As much as I wanted to be in her presence, I had to worry about her wellbeing. Wood first, Cadence’s pressence second.

7

CADENCE

Guy stepped outside, and I sat on the couch, slowly getting my breaths and heartrate back to normal. And the longer he was gone, the more my mind started to spin.

The more I thought about how things were going, especially between us, the more I wasn’t so sure about Guy and his insistence on not knowing who was calling him. For starters, things were going way too well. And Guy seemed too good to be true. Which also typically meant there was something that he was hiding. After all, if something was too good to be true, it probably was.

Sure, his reasons for not answering the phone made sense, but the number part was holding less and less weight.

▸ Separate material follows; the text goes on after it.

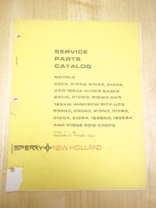 Up for sale is a factory issued Service Parts Catalog for the Sperry New Holland Auger Bases, Windrow Pick-Ups and Row Crop Models as seen in photo. Very good used condition, dirty cover and tear to bottom left corner of cover as seen in photo. This is an original document. I will be sure to pack for safe shipment.
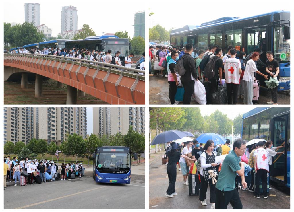 上午8时-10时,新生报到比较集中,出现运力不足情况,大量新生和志愿者在乘车点等候。王亚军一行一边安抚新生,一边亲自指挥调度,学校各级领导、各部门积极行动、紧密配合,迅速协调公交公司增派车辆、加大运力,并及时调整学生登车安排,确保将新生安全迅速的送达迎新报到现场。期间大雨突至,王亚军一行深入大巴车接送点,冒雨进行指挥协调,校领导、部门负责同志齐上阵,亲力亲为帮助新生拉行李、打雨伞,现场办公为一名不慎与志愿者走散的新生联系寻找行李,使大家登车热情雨中不减退;各学院领导、学生工作干部及学生志愿者密切配合,冒雨工作,细心服务每一位新生,实现了入住宿舍雨中不降速,雨中浓浓的真情渲染而成一幅美丽的画卷。

The more time he spent outside, the more I could punch holes into his excuse.

My doubts were creeping in, destroying every ounce of progress he made with me.

But of course, I realized there was a strong possibility I was just being paranoid. I believed him when he first explained everything to me. And he had been so attentive, and caring. So, what the hell was my problem?

I frowned at the spot on the coffee table his phone had sat. He was quick to pick the annoying device up and take it with him when he walked outside. Not that I was planning on going through it or anything. Though he probably had a perfectly logical reason for taking his phone with him. Maybe to use it as a flashlight since the sun was setting and it would be dark soon, especially with how thick the snow was falling and how dark the clouds were. That made sense.

So why was I still trying to find a reason not to believe a word he said? Why was I so sure he was lying about something?

Oh, right. Because the way his phone kept blowing up made me think it was a woman calling him. And I have this thing where Guy seems too good to be true, so I’m obsessively looking for reasons to walk away.

Yeah… paranoia. Because why would a man like Guy ever want me, right?

I squeezed my eyes closed and tried to come up with a way to shut my brain up, struggling to find reasons to counter my own logic and insecurities.

Perhaps a woman was calling him… and she was nothing more than a friend.

Wouldn’t that be something? But then why would Guy insist he didn’t know the number? As much as I would have loved to believe everything had a perfectly reasonable, innocent excuse, I just couldn’t let it go.

Needless to say, I was seriously regretting my decision to stay. I probably could have made it home by now… likely fucking my sex pillow for the fifth or sixth time because damn it if Guy doesn’t bring out the vixen in me. Especially since I was having a hard time keeping my hands to myself, to begin with.

I sighed and stared out the window overlooking the front yard. I couldn’t see Guy, though I was sure he was still out there doing exactly what he said he was going to do. And I hated that I was sneaking around to find answers about him instead of going to him directly, but he didn’t exactly give me the impression he was completely trustworthy either.

The only way I could get some solid answers about Guy, and the type of person he was, came in the form of information from Ezra. And, again, as much as I hated to check up on him like this, I really hated the idea of possibly sleeping with someone who was unavailable.

I pulled out my phone and called Luke.

He picked up on the third ring. “How’s the storm?”

“White. Cold. Pretty,” I said, looking out the window. “How’s Toni?”

“She’s doing really well,” he said. Toni’s voice whispered in the background. “She says hi, by the way.”

I smiled into the line. “Tell her hi and I miss her.”

I was happy for my brother and his roommates. Especially for Luke. He needed someone else besides me looking after him. Someone of the feminine influence. A little lump of guilt formed in my stomach for taking time away from him again.

But this was important… at least it was to me, and I just didn’t want to believe what was staring me in the face.

“Sure. What’s up?” he asked. “You sound upset.”

“I’m not upset,” I said. “Not really… just confused.”

Luke chuckled. “What’s so confusing?”

I sighed. “Well, I’m stuck at the cabin.”

“What?” he asked. “Okay, first question is why is that confusing? Second question is what are you doing at the cabin?”